▸ Instructions for the task
Your copy should match the records exactly, apart from the pictures, which stay out.

▸ Material for the task
----
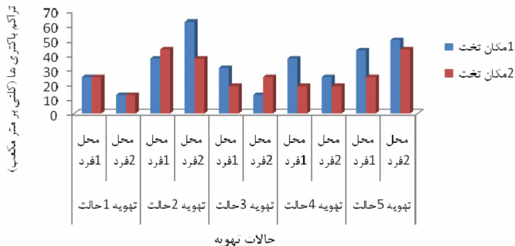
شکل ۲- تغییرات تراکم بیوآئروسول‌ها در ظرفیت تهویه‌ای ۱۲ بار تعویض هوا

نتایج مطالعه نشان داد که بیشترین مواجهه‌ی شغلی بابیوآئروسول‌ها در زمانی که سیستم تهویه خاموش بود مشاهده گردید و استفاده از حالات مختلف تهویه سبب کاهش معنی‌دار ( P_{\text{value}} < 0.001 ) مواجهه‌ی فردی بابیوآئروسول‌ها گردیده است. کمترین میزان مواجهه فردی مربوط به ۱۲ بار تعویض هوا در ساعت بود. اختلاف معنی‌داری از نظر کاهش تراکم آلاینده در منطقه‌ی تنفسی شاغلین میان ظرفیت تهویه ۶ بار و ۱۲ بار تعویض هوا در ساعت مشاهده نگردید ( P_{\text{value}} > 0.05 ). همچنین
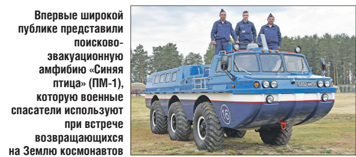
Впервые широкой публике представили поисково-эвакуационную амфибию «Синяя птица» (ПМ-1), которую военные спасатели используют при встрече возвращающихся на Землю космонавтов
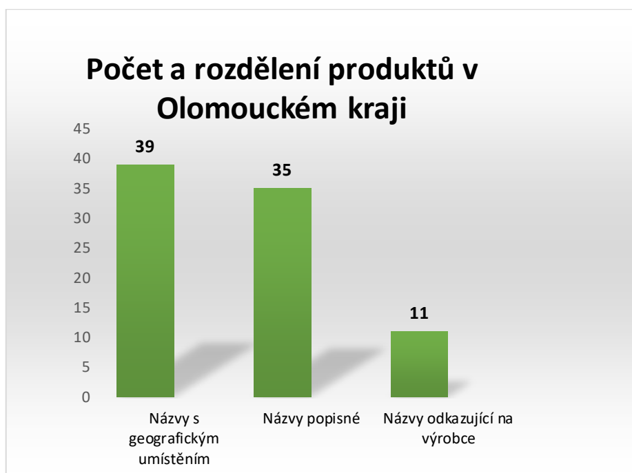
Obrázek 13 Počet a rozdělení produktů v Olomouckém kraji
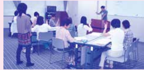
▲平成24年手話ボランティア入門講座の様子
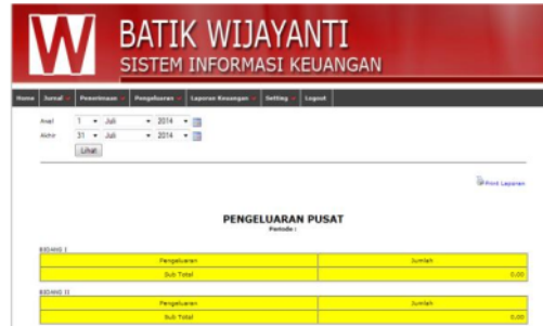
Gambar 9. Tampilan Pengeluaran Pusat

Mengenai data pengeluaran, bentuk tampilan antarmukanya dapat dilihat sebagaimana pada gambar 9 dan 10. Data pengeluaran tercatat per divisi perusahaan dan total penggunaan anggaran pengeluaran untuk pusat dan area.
----
▸ Answer box
شکل ۲- تغییرات تراکم بیوآئروسول‌ها در ظرفیت تهویه‌ای ۱۲ بار تعویض هوا

نتایج مطالعه نشان داد که بیشترین مواجهه‌ی شغلی بابیوآئروسول‌ها در زمانی که سیستم تهویه خاموش بود مشاهده گردید و استفاده از حالات مختلف تهویه سبب کاهش معنی‌دار ( P_{\text{value}} < 0.001 ) مواجهه‌ی فردی بابیوآئروسول‌ها گردیده است. کمترین میزان مواجهه فردی مربوط به ۱۲ بار تعویض هوا در ساعت بود. اختلاف معنی‌داری از نظر کاهش تراکم آلاینده در منطقه‌ی تنفسی شاغلین میان ظرفیت تهویه ۶ بار و ۱۲ بار تعویض هوا در ساعت مشاهده نگردید ( P_{\text{value}} > 0.05 ). همچنین
Впервые широкой публике представили поисково-эвакуационную амфибию «Синяя птица» (ПМ-1), которую военные спасатели используют при встрече возвращающихся на Землю космонавтов
Obrázek 13 Počet a rozdělení produktů v Olomouckém kraji
▲平成24年手話ボランティア入門講座の様子
Gambar 9. Tampilan Pengeluaran Pusat

Mengenai data pengeluaran, bentuk tampilan antarmukanya dapat dilihat sebagaimana pada gambar 9 dan 10. Data pengeluaran tercatat per divisi perusahaan dan total penggunaan anggaran pengeluaran untuk pusat dan area.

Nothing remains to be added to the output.